You don’t need a PhD in AI to see it. Today’s LLMs may not be AGI — but they are remarkable, and anyone who has spent serious time with them knows it. The proof is in the pudding. Whatever these systems are doing, it is working, and it is getting better.
And the deficiencies keep shrinking. Not by throwing out the foundation and starting over, but by tweaking the basic mechanism — exactly the way nature does it. Hallucinations reduced. Reasoning improved. Memory added. Context expanded. Each problem that was supposed to prove the architecture was fatally flawed turned out to be an engineering problem with an engineering solution. Nature never scrapped the neuron and started over.
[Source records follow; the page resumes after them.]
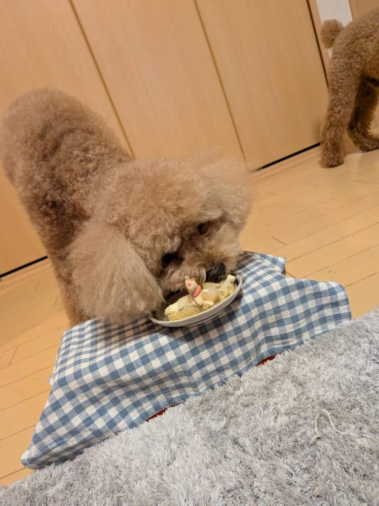 今年も高価な犬用ケーキを無呼吸で飲み込むライス↓↓↓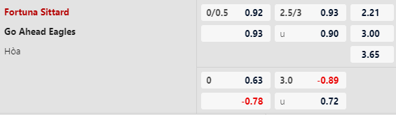 Thông tin tỷ lệ Fortuna Sittard vs GA Eagles: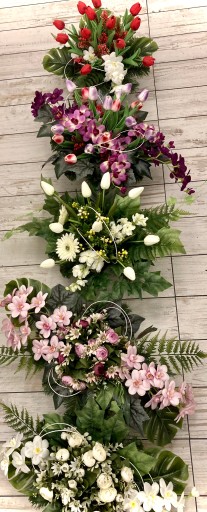Stroik wykonany jest z dobrej jakości kwiatów sztucznych i dodatków, które będą świeżo zakupione na kwiatowej giełdzie. Nie wykonuję stroików na zapas, lecz w momencie złożenia zamówienia, co eliminuje do zera problem niszczenia towaru. Klient dzięki temu otrzymuje zupełnie nowy, starannie dopracowany, niezakurzony i w wyrazistych barwach produkt, a także może mieć wpływ na ostateczny wygląd stroika - wystarczy poinformować sprzedawcę o specjalnych potrzebach.

It just kept refining.
The Theological Argument You Didn’t Know You Were Making
To say that LLMs cannot become AGI is to make a specific claim: that the architecture is fundamentally wrong. Not immature, not incomplete — wrong at the foundation. That no amount of scale, data, or architectural refinement will get you from here to general intelligence.
But consider what that claim requires you to believe. The human brain began as a simple neural tube in primitive vertebrates. It was not designed. It had no roadmap. Through random variation and selection, it became what it is now — capable of language, mathematics, art, science, and every other cognitive achievement we recognize as distinctly human. At no point in that process was the foundation “right.” It was always a hack, always imperfect, always good enough to survive and reproduce.
To say that the neural network approach cannot reach AGI because it lacks something essential is to say that the brain could never have become what it became — that at some point in evolutionary history, an observer would have been justified in saying: this architecture has a ceiling, and general intelligence is above it.
That observer would have needed a designer to explain where general intelligence actually came from.
Nature is not intelligent. It is random. But given enough time and selection pressure, randomness produces intelligence. We have proof. It’s reading this sentence.
The only question worth arguing about is how long it takes us to compress four billion years of evolution into something we can run in a data center. The evidence so far suggests: faster than anyone expected.